--apriori Algorithm of Python Association analysis

Source: Internet
Author: User
using Apriori algorithm to correlate analysis Apriori principle

If a set of items is frequent, then all subsets of it are also frequent. That is, if {0,1} is frequent, {0},{1} is also frequent.

This principle is intuitively not helpful, but if you look at it in turn, it works.

If an item set is not frequent, then all of its superset are also infrequent. That is, if {0} is also infrequent, any superset of {0}, such as {0,1}, is also infrequent. Important Definition

# Test Item Set:
    [[' Soy milk ', ' lettuce '],
     [' lettuce ', ' diaper ', ' wine ', ' beet '],
     [' Soy milk ', ' diaper ', ' wine ', ' orange juice '],
     [' lettuce ', ' soy milk ', ' diaper ', ' wine '],
     [' lettuce ', ' soy milk ', ' diaper ', ' orange juice ']]
Support degree (support)

The degree of support for an item set, which is defined as the proportion of records that contain the set of items in the dataset, for example, the test data above, {Soy milk} support is 4/5, and in 5 records, 3 contains {soy milk, diapers}, so {soy milk, diapers} support is 3/5. Support is for the set of items, so you can define a minimum degree of support and keep only the set of items that meet the minimum support. Confidence or confidence level (confidence)

The confidence level is defined for an association rule such as {diaper}→{wine}. The credibility of this rule is defined as "support ({diaper, wine})/support ({diaper})". In the example above, because the support degree of {diaper, wine} is 3/5,{diaper} is 4/5, the trustworthiness of "diaper → wine" is 3/4=0.75. Python Implementation

Install the corresponding library

Open the Command Line window and enter

Pip Install Apyori

If you fail, you can use a different method.

Test installation:

From Apyori import Apriori

The import was successful, the installation succeeded or failed.

Api

From Apyori import apriori

data = [[' Soy milk ', ' lettuce '],
        [' lettuce ', ' diaper ', ' wine ', ' beet '],
        [' Soy milk ', ' diaper ', ' wine ', ' orange juice '],
        [' Lettuce ', ' soy milk ', ' diaper ', ' wine '],
        [' lettuce ', ' soy milk ', ' diaper ', ' orange juice ']] result

= List (Apriori (transactions=data)

# Apriori Other parameters description :
Min_support-The minimum support of relations (float).
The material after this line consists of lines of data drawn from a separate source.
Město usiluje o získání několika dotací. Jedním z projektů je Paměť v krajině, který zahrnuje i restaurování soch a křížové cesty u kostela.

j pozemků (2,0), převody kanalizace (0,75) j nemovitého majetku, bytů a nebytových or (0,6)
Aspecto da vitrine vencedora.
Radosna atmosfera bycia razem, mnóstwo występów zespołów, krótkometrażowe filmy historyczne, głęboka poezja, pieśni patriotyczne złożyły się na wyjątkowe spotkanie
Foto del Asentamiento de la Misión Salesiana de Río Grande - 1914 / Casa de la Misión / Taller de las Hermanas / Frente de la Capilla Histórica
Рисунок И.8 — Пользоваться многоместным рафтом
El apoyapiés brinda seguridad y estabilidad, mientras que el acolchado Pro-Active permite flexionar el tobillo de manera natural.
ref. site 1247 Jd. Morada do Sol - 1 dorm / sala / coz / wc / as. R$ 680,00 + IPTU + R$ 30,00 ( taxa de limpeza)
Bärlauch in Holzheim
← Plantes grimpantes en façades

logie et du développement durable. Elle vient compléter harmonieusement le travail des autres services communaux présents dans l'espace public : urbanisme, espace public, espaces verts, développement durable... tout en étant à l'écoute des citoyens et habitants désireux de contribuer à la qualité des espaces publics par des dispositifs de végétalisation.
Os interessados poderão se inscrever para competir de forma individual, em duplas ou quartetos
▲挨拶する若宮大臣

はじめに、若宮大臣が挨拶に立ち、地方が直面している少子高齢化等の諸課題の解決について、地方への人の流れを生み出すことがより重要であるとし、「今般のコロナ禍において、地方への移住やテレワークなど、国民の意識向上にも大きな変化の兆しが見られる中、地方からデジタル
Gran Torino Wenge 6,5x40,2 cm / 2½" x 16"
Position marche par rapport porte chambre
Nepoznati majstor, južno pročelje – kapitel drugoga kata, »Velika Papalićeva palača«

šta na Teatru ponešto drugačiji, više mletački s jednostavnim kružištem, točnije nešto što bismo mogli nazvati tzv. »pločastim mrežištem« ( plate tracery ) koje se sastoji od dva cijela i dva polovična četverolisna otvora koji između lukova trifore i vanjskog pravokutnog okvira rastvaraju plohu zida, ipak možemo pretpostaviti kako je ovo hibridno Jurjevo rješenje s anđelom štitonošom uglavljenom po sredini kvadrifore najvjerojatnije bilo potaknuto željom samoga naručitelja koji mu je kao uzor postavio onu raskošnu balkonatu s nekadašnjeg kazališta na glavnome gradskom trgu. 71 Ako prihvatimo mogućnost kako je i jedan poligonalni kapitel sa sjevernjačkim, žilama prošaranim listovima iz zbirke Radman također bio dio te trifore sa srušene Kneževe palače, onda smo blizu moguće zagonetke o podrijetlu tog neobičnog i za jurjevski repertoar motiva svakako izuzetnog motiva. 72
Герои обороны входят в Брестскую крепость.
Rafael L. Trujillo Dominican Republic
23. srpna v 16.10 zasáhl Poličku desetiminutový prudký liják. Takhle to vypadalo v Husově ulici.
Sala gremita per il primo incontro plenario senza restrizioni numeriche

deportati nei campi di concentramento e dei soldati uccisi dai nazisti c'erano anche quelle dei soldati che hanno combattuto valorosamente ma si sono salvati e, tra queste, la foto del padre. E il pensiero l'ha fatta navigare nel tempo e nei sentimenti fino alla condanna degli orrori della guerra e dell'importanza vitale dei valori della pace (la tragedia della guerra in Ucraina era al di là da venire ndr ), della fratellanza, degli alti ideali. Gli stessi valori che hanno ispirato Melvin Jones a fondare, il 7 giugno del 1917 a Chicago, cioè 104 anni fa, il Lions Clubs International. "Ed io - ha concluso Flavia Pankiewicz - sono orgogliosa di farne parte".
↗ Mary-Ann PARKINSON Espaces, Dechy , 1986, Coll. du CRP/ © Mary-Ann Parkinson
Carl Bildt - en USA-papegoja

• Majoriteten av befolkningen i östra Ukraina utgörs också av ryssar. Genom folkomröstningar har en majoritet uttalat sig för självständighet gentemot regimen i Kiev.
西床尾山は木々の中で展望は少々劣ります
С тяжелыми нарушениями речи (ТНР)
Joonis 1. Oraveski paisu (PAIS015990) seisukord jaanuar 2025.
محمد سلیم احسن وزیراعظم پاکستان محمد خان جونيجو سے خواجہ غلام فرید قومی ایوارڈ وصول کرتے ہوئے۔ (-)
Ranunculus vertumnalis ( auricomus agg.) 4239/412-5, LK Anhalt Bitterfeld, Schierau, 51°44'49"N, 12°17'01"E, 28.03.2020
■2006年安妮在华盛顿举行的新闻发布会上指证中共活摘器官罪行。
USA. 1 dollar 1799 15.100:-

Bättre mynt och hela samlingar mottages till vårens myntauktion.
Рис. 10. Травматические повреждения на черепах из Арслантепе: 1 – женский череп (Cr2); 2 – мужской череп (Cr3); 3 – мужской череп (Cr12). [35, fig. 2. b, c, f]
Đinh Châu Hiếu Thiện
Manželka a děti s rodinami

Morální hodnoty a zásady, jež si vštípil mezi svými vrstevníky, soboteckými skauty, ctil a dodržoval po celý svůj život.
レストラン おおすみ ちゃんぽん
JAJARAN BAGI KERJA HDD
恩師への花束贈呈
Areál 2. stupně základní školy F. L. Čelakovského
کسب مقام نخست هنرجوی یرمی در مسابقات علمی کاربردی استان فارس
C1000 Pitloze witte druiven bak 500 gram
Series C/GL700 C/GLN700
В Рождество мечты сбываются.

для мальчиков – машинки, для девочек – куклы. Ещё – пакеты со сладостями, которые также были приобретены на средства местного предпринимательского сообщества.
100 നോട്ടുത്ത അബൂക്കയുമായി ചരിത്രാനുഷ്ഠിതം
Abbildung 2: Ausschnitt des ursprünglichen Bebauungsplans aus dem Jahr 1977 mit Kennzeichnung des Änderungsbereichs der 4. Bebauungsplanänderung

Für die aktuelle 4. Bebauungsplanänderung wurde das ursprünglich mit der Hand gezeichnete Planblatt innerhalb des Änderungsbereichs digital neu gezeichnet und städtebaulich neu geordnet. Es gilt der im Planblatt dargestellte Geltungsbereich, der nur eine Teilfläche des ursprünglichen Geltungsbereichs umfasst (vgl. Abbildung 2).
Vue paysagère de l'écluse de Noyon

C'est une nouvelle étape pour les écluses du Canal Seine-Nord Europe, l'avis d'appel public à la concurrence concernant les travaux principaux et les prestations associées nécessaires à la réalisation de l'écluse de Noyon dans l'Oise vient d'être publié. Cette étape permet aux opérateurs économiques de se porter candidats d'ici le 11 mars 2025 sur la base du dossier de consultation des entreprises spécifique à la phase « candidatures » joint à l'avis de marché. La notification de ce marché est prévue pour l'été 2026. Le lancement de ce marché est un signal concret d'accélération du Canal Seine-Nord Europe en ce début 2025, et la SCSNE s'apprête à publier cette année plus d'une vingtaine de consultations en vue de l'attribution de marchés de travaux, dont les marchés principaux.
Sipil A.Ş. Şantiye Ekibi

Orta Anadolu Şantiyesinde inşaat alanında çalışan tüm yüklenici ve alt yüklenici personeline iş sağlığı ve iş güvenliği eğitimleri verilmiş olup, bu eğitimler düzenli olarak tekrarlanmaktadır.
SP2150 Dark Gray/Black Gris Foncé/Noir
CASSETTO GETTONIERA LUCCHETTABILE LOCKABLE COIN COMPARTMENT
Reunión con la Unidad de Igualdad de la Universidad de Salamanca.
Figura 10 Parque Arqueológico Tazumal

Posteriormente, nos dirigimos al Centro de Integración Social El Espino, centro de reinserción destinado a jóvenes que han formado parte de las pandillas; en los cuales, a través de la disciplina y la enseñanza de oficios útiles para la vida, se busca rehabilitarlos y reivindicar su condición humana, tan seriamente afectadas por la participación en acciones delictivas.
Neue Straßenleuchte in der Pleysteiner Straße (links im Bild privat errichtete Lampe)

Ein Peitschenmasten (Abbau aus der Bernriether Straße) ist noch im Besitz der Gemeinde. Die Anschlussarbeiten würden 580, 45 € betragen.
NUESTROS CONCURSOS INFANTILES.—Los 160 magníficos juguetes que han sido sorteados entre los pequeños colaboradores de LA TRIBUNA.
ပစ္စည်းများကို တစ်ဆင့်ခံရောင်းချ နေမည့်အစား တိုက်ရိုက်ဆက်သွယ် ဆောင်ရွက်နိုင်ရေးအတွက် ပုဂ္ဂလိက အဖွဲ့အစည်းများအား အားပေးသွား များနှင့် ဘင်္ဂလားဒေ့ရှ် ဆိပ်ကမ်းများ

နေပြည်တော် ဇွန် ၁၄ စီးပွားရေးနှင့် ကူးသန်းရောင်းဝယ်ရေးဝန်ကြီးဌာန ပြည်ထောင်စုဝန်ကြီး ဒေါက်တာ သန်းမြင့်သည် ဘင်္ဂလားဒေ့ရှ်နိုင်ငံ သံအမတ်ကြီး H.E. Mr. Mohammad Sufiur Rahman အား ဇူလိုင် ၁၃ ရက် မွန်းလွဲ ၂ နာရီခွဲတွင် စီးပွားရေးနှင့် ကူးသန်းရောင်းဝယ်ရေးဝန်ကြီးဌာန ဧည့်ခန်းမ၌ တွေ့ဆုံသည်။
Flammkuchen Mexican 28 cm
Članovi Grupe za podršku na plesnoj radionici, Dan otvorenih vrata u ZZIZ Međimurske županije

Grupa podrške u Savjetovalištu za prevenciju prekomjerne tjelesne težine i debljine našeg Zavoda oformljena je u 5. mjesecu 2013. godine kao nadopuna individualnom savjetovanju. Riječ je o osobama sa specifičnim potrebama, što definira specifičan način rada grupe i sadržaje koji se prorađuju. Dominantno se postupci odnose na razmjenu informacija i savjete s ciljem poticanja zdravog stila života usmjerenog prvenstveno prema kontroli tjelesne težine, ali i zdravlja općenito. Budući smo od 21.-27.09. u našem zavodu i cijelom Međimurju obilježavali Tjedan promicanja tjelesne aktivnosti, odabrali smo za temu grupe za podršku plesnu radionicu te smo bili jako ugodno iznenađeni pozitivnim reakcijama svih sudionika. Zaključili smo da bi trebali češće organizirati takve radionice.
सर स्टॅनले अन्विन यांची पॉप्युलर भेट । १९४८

Minimum support, which can be used to filter item sets
Min_confidence--The minimum confidence O F Relations (float). Minimum trustworthiness, which can be used to filter the item set Min_lift-The
minimum lift of relations (float). Unknown
Max_length--the maximum Length of the relation (integer). Unknown

The result shown above is a list, and the following is an introduction to the attributes of the elements I can understand, because no related documents are found.

the attribute of each item set in result describes the items– item set, the Frozenset object, which can be iterated out of a subset. support– support degree, float type. confidence– confidence or confidence level, float type. Association rules for the existence of ordered_statistics–
Can iterate, iterate over the attributes of its elements:
items_base– the set of denominator items in an association rule confidence– the credibility end of the association rule corresponding to the denominator rule above

Well, the simple notes are written here. Although the corresponding document for this library is not found for the time being, you can preview the properties of each item set through Pycharm. Although the association rules can not be directly sorted, but do not need to write their own algorithm to calculate the support, than write the calculation of their own process much better. Attention

Apriori algorithm does not apply to the number of non-duplicates set elements more cases, if a store sales of goods are N, the number of all subsets of the 2^n-1, its computational volume, it is conceivable that the proposed analysis of the types of goods <10 species.

Related Article

Contact Us

The content source of this page is from Internet, which doesn't represent Alibaba Cloud's opinion; products and services mentioned on that page don't have any relationship with Alibaba Cloud. If the content of the page makes you feel confusing, please write us an email, we will handle the problem within 5 days after receiving your email.

If you find any instances of plagiarism from the community, please send an email to: info-contact@alibabacloud.com and provide relevant evidence. A staff member will contact you within 5 working days.

A Free Trial That Lets You Build Big!

Start building with 50+ products and up to 12 months usage for Elastic Compute Service

  • Sales Support

    1 on 1 presale consultation

  • After-Sales Support

    24/7 Technical Support 6 Free Tickets per Quarter Faster Response

  • Alibaba Cloud offers highly flexible support services tailored to meet your exact needs.